Мышкин отдал бутылку.
— Бери, пожалуйста, — промямлил, извиняясь. — Действительно, вам, молодым, она нужнее.
— Так-то лучше, пенек, — парень глядел подозрительно, но не уловил подвоха. Да и как тут уловить. Мышкин ссутулился, голову вобрал в плечи, на губах беленькая слюнка — немощный, перепуганный старый сморчок с жалкой, просительной улыбкой. Таких и давить неприятно — вони много. А приходится иногда, если под ноги лезут.

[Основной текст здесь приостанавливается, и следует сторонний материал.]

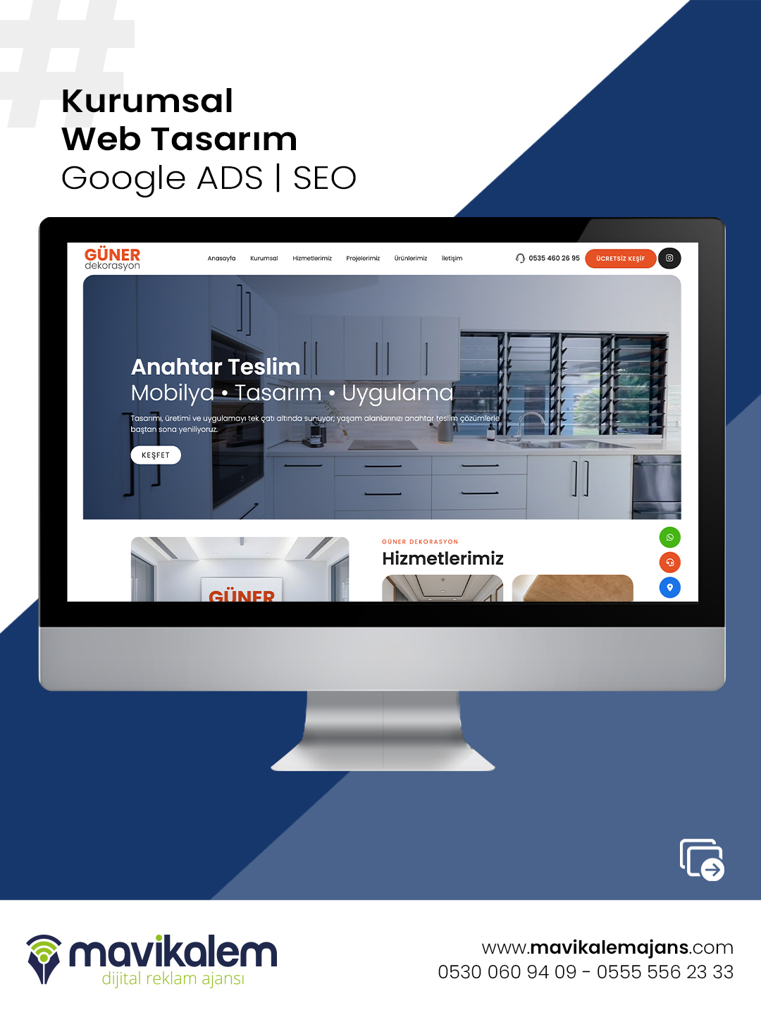 Web sitesi yapımı işi çok kısa sürede ve uygun maliyetlerle yapılabildiği gibi, uzun uğraşlar, uzun bir zaman ve yüksek maliyetlere de yapılabilir. Bu tamamen işletmenin bu işe verdiği değerle ilgilidir. Mavikalem Dijital Reklam Ajansı bu işi özgün bir tasarım, kaliteli bir kod yapısı ile oluşturur.

Парня звали Андрюша Суриков, и до того, как он очутился в этой камере, жизнь его текла бурно, красиво. Отслужил срочную, причем год в спецназе, и там зарекомендовал себя отнюдь не сосунком. После дембеля пометался туда-сюда, даже сунулся сгоряча в Бауманское училище, но вскоре убедился, что бабки даются только смелым и предприимчивым, а без бабок сегодня жить, как без штанов ходить. Вернулся в Федулинск, где его предки по-прежнему вкалывали в «ящике», но уже без зарплаты — смех и тоска. Через знакомых ребят быстро приткнулся к банде Алихман-бека, его приняли как родного. Он вызывал доверие своим простодушным обликом. Алихман-бек два раза удостоил его аудиенции и все чаще бывшему спецназовцу давали ответственные поручения по выколачиванию денег из самых злостных неплательщиков, когда требовалось применить не только силу, но и дар интеллектуального убеждения. Алихман-бек внушал братве: мы не бандиты, мы — новый русский порядок. Быдло должно понимать, что порядок установился навеки и всякое сопротивление бессмысленно. Сурикову приходилось выполнять и щекотливые задания, связанные с большой секретностью, что приятно щекотало его самолюбие, но все же он сознавал, что высокого положения ему в банде не достичь: чужие тут верховодили. Горцы вполне доверяли русским боевикам, которые доказали свою преданность, но лишь до определенного предела. В группировке Алихман-бека иерархия соблюдалась более строго, чем в государственных структурах. Инородец, не имеющий родства на благословенном Кавказе, мог рассчитывать на хороший барыш, на уважение и почет, но никакие на власть. Недовольных карали люто. Если какой-нибудь вольнодумец из россиян начинал задирать хвост, его по-хорошему предупреждали — не горячись! — но только один раз. Потом вывозили за город и публично забивали камнями. «Дисциплина, — учил Алихман-бек, — мать демократии. Без нее русский собака дуреет и поступает себе во вред».